Material for this exercise ->
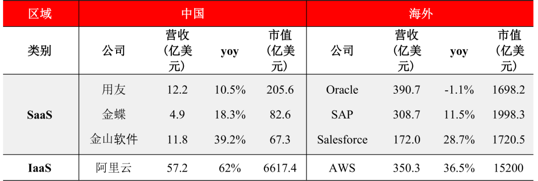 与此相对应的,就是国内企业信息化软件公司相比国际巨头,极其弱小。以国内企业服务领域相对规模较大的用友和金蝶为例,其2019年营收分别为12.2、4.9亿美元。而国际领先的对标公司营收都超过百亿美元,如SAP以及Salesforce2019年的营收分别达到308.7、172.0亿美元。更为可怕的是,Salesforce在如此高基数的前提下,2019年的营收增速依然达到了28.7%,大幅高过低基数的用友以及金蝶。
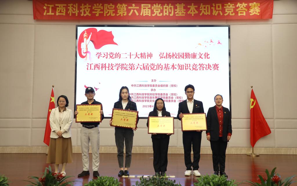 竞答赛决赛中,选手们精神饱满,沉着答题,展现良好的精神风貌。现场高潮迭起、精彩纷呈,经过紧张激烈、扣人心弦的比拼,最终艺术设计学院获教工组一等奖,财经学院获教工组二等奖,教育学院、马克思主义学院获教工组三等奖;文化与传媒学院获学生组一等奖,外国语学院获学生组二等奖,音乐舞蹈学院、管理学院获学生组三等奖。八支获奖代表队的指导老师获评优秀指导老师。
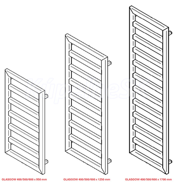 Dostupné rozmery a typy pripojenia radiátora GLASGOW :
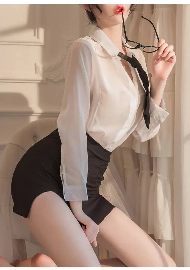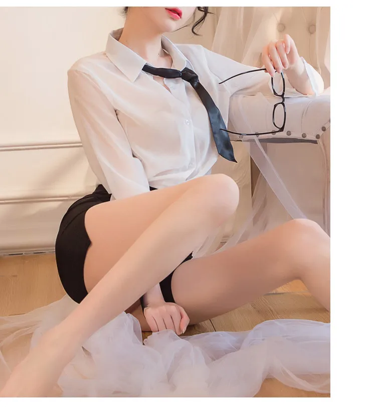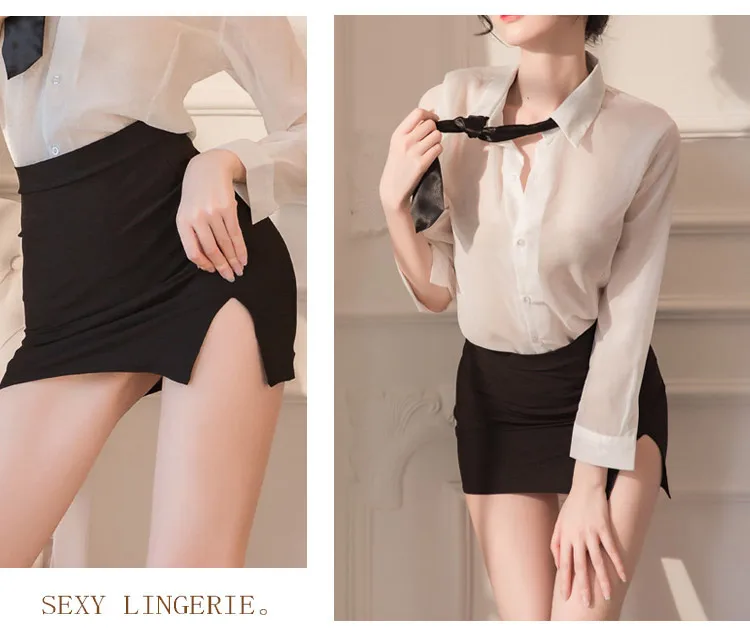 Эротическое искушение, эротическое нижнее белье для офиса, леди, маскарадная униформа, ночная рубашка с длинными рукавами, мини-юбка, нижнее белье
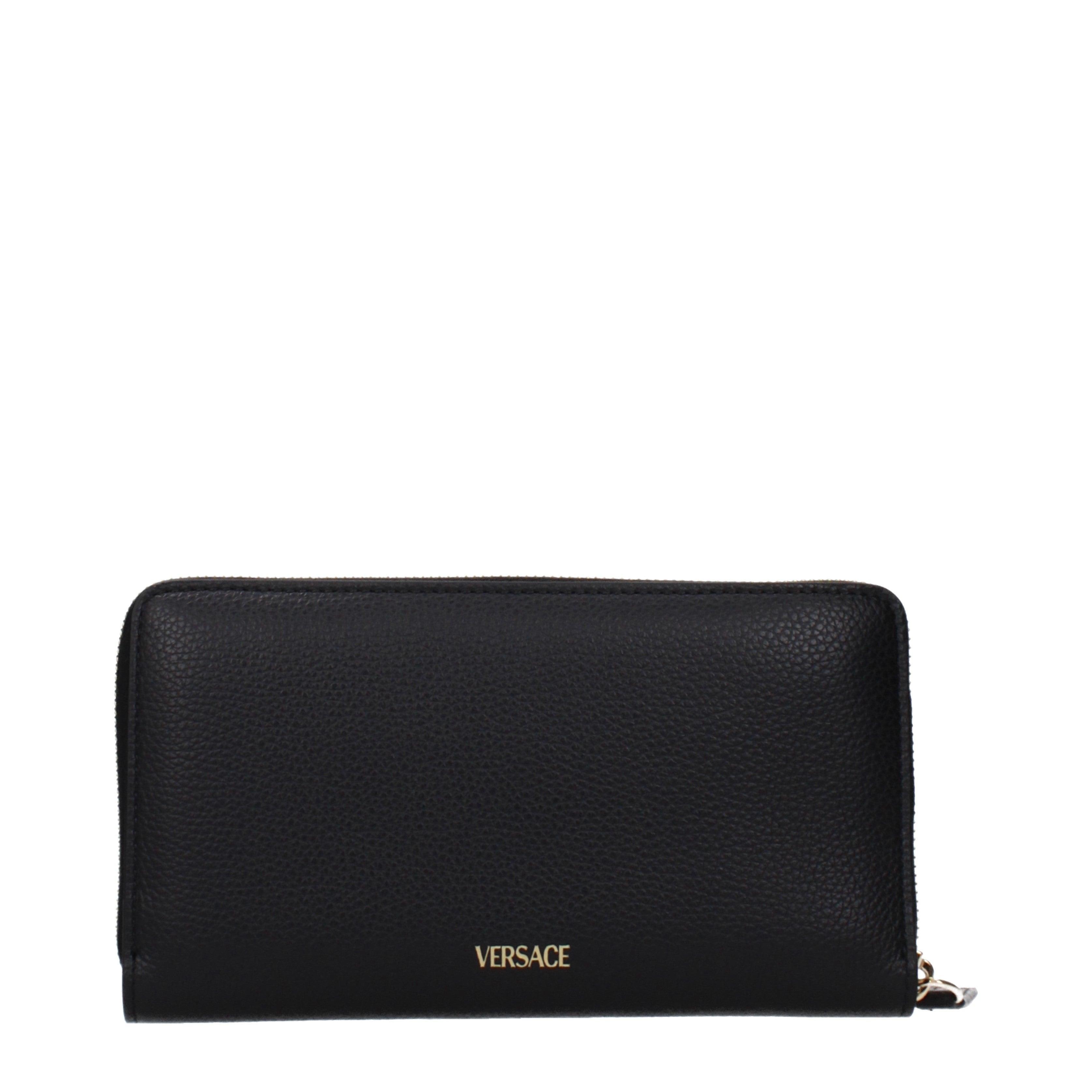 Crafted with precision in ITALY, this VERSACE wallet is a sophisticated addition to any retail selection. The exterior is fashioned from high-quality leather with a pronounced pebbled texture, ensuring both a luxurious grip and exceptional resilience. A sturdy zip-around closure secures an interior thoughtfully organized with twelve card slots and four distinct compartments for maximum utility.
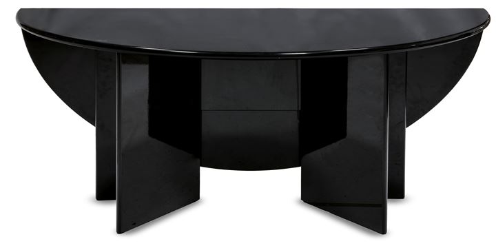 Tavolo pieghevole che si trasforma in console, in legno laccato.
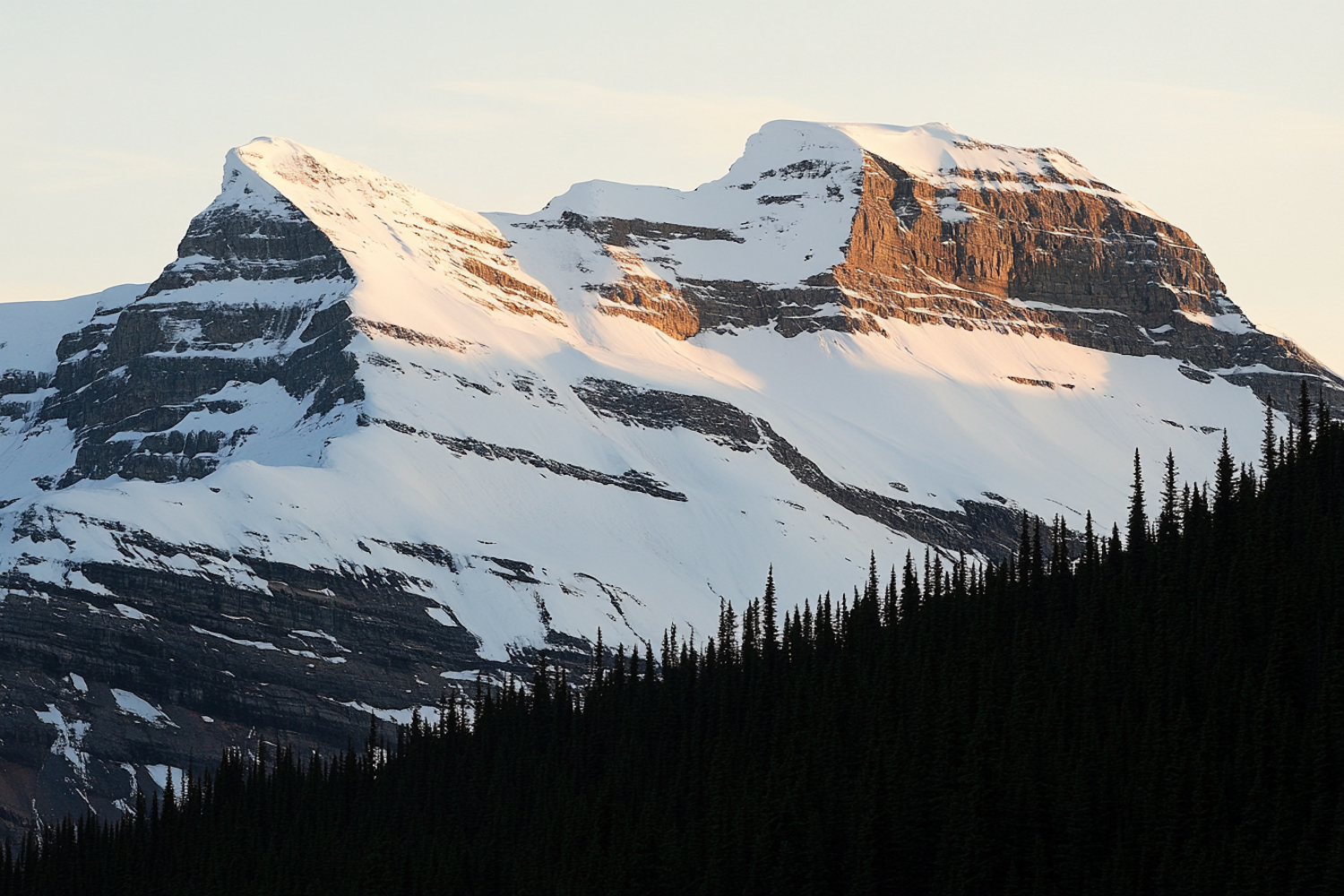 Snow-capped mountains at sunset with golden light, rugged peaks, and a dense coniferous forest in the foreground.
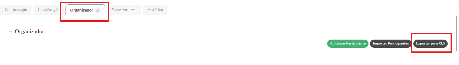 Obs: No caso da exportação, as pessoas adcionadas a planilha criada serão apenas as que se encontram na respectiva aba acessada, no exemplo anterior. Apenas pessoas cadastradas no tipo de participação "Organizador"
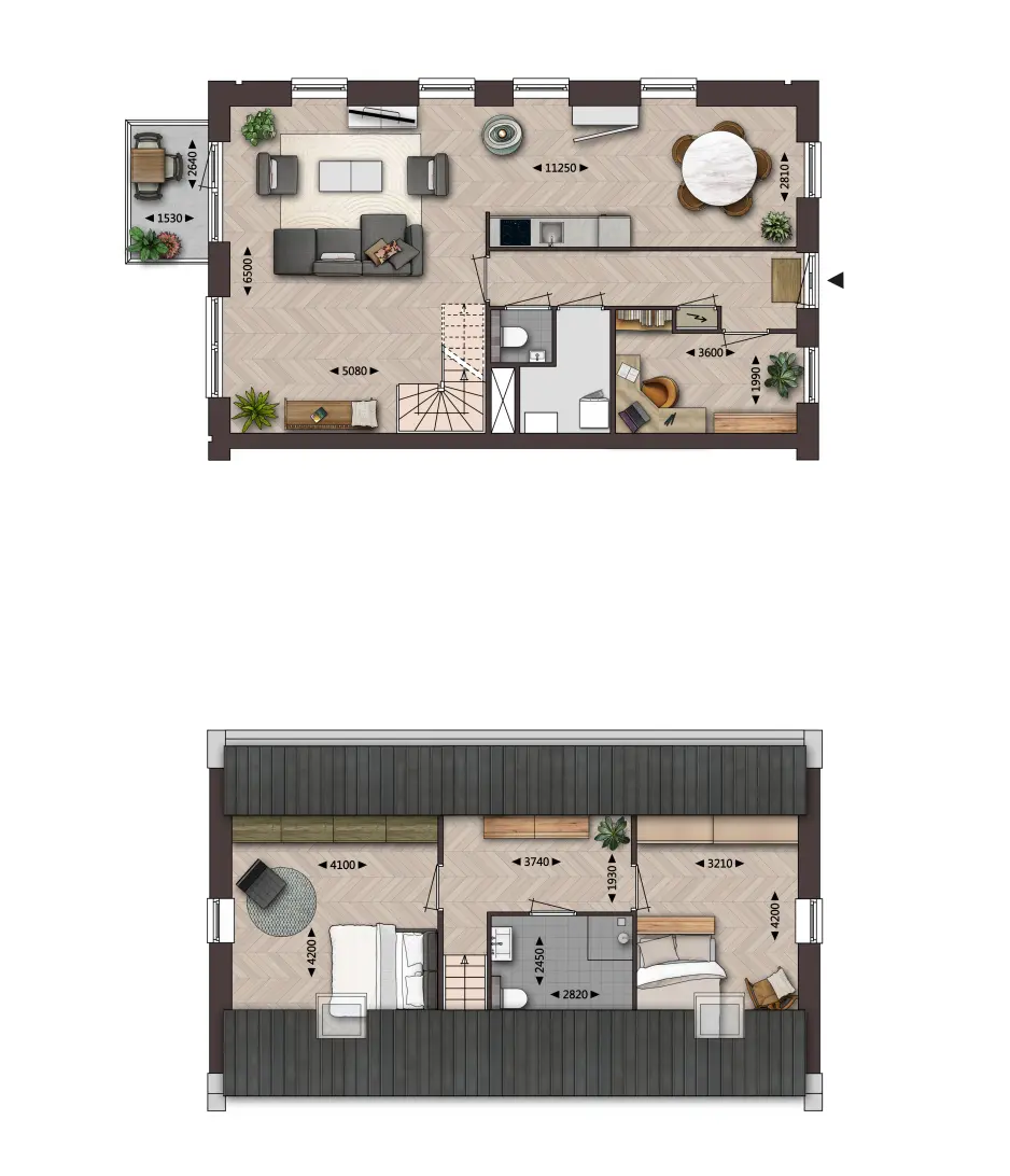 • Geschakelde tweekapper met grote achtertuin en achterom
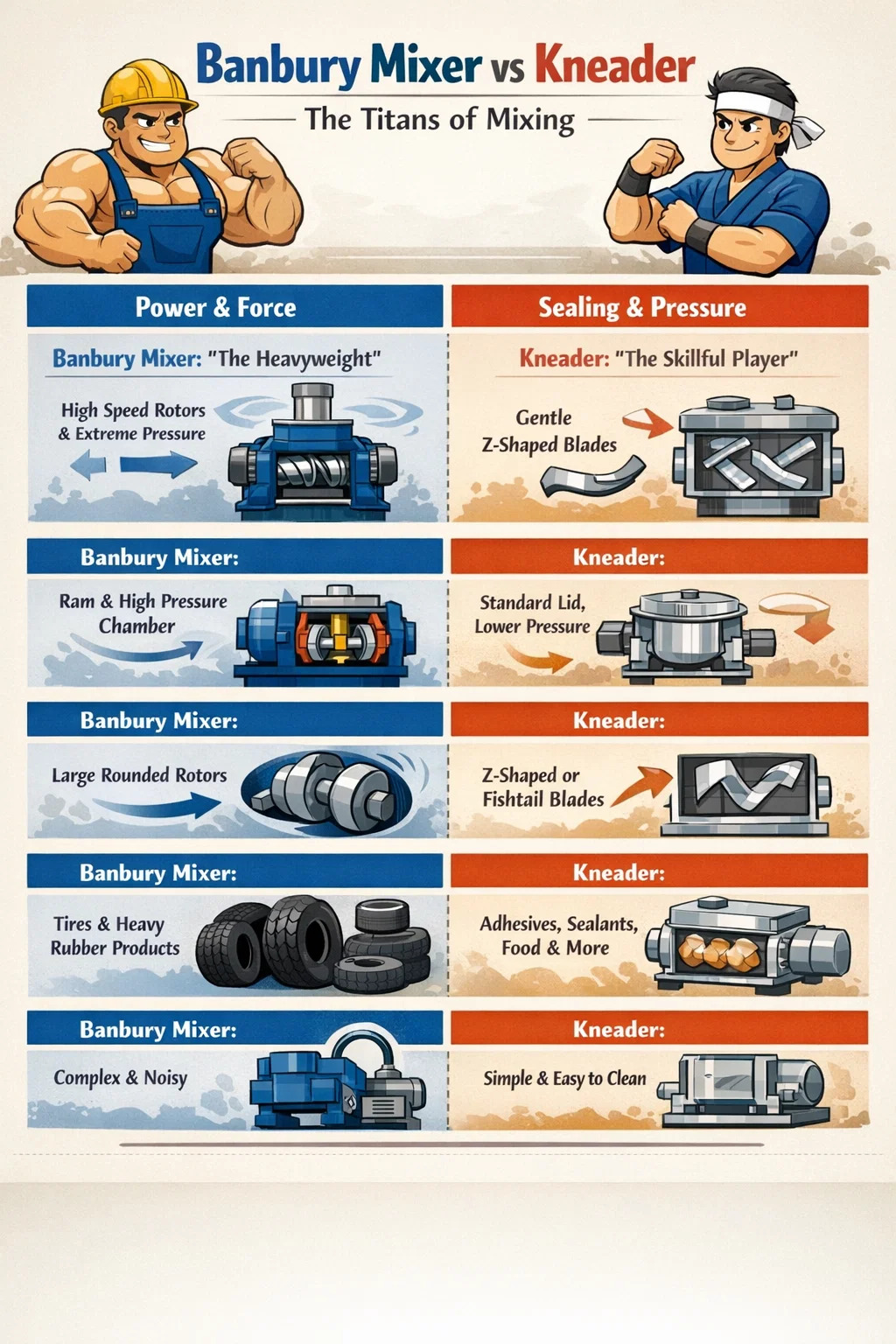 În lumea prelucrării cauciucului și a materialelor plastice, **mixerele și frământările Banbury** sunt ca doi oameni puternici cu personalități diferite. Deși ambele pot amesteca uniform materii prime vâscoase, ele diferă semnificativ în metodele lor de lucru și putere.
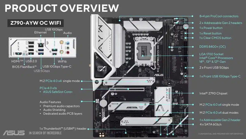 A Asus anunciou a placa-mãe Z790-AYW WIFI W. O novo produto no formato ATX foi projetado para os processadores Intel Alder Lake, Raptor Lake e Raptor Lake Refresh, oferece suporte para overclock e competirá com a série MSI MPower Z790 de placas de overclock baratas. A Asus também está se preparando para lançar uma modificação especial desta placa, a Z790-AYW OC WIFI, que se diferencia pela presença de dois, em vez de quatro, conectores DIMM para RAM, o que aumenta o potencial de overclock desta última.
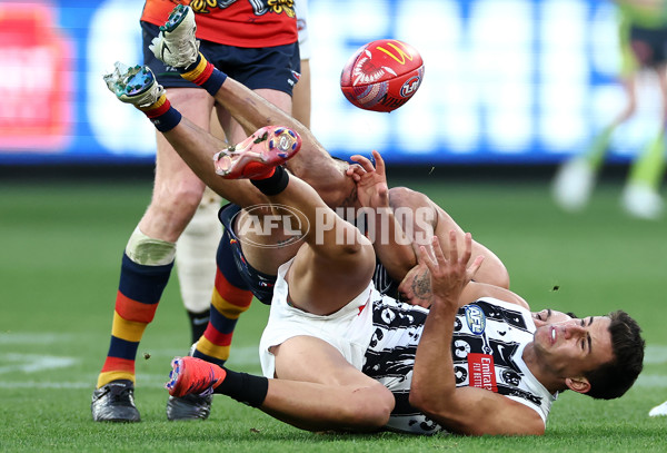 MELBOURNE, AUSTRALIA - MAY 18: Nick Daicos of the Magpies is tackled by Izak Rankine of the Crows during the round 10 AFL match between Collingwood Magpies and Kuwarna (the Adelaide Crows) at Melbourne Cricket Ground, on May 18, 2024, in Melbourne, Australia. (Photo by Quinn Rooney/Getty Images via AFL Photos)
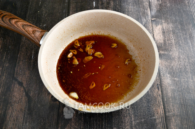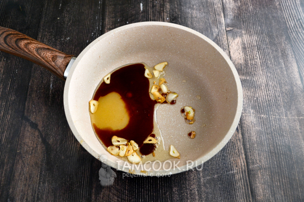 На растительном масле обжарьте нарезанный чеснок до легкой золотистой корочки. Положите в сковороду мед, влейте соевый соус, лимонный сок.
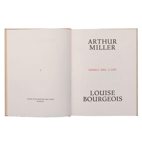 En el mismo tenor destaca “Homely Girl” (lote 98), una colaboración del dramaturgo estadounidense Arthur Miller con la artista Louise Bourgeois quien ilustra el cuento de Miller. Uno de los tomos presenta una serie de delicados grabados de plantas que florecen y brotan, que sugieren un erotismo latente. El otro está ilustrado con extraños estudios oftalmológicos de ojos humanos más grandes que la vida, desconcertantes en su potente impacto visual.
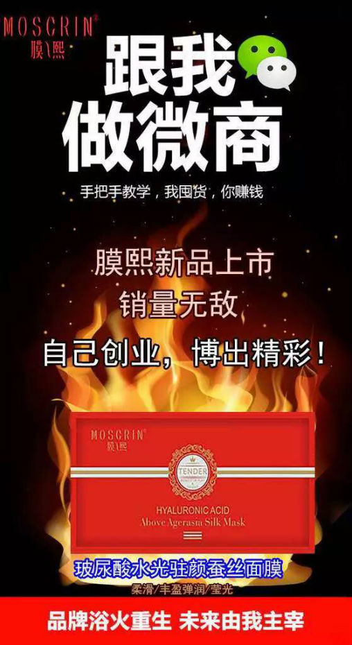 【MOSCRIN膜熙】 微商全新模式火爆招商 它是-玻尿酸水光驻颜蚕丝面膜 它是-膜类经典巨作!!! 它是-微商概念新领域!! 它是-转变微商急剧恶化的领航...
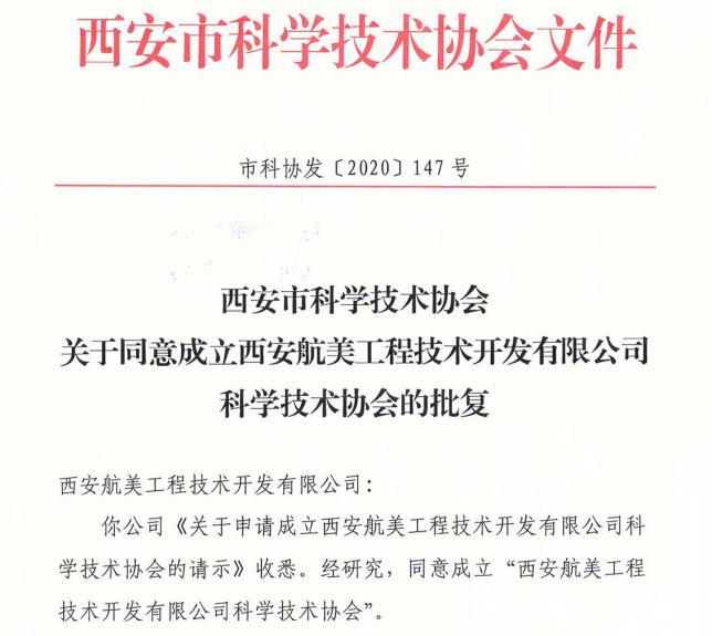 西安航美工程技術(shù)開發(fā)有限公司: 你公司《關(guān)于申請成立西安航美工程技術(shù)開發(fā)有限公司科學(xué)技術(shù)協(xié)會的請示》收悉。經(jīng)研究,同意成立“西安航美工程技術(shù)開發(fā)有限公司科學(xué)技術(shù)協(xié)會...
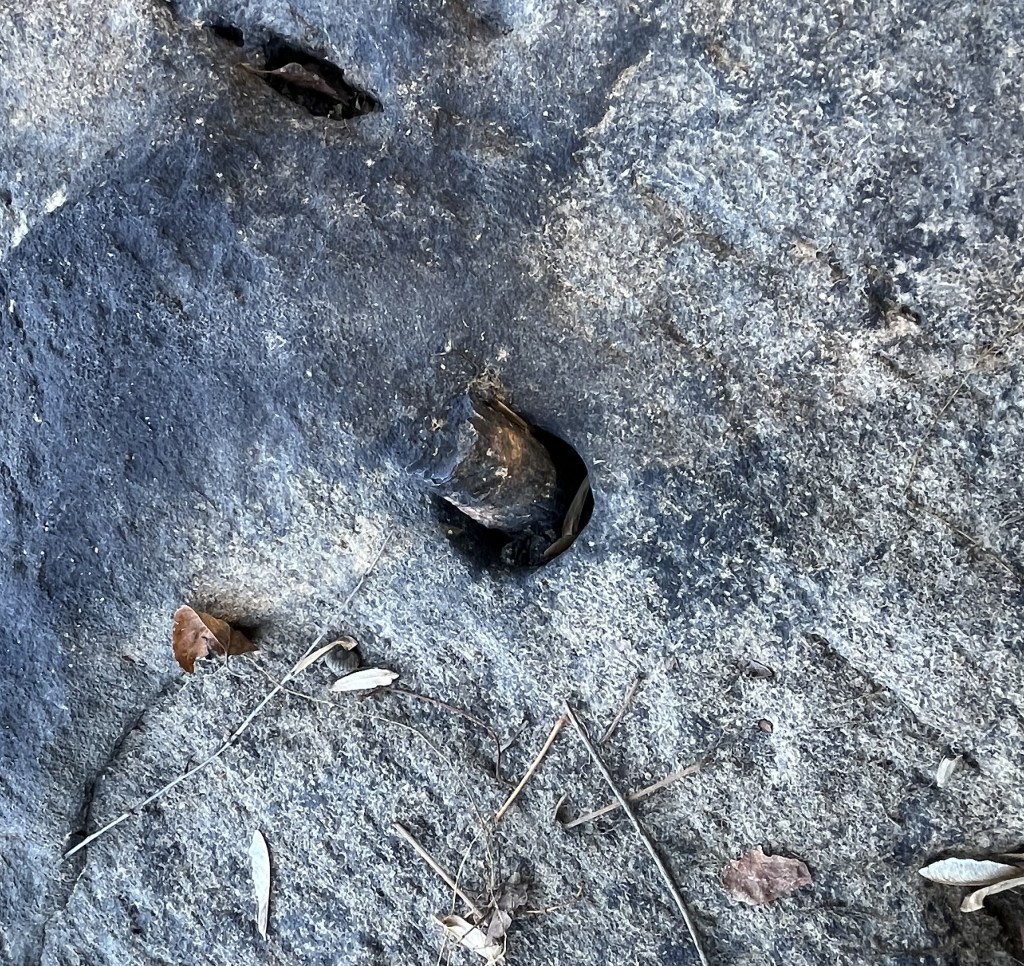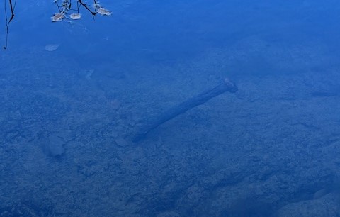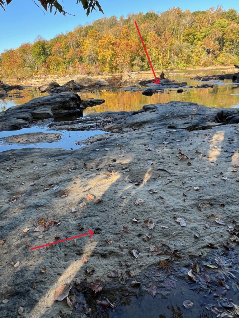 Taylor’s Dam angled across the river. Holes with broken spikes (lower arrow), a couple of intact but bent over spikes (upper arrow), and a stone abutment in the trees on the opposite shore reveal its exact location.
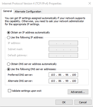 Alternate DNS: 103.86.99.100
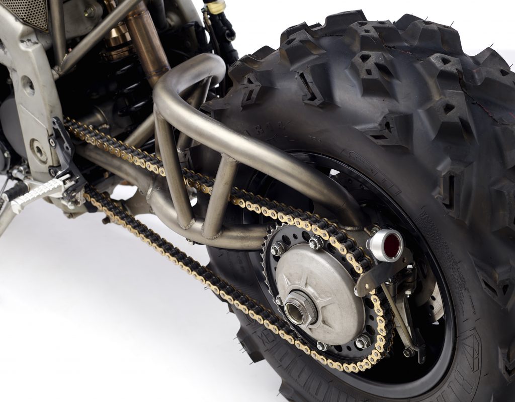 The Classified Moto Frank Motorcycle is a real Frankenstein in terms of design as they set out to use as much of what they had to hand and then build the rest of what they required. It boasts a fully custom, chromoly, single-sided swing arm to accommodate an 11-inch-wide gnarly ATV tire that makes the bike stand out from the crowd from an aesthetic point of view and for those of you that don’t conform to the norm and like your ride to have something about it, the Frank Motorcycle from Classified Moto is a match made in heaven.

What is needed ->
Using the data above, retype exactly the lines from the line with "Snow-capped mountains at" to the line with "În lumea prelucrării", inclusive. No pictures and nothing else.

Exercise output ->
 Snow-capped mountains at sunset with golden light, rugged peaks, and a dense coniferous forest in the foreground.
 Obs: No caso da exportação, as pessoas adcionadas a planilha criada serão apenas as que se encontram na respectiva aba acessada, no exemplo anterior. Apenas pessoas cadastradas no tipo de participação "Organizador"
 • Geschakelde tweekapper met grote achtertuin en achterom
 În lumea prelucrării cauciucului și a materialelor plastice, **mixerele și frământările Banbury** sunt ca doi oameni puternici cu personalități diferite. Deși ambele pot amesteca uniform materii prime vâscoase, ele diferă semnificativ în metodele lor de lucru și putere.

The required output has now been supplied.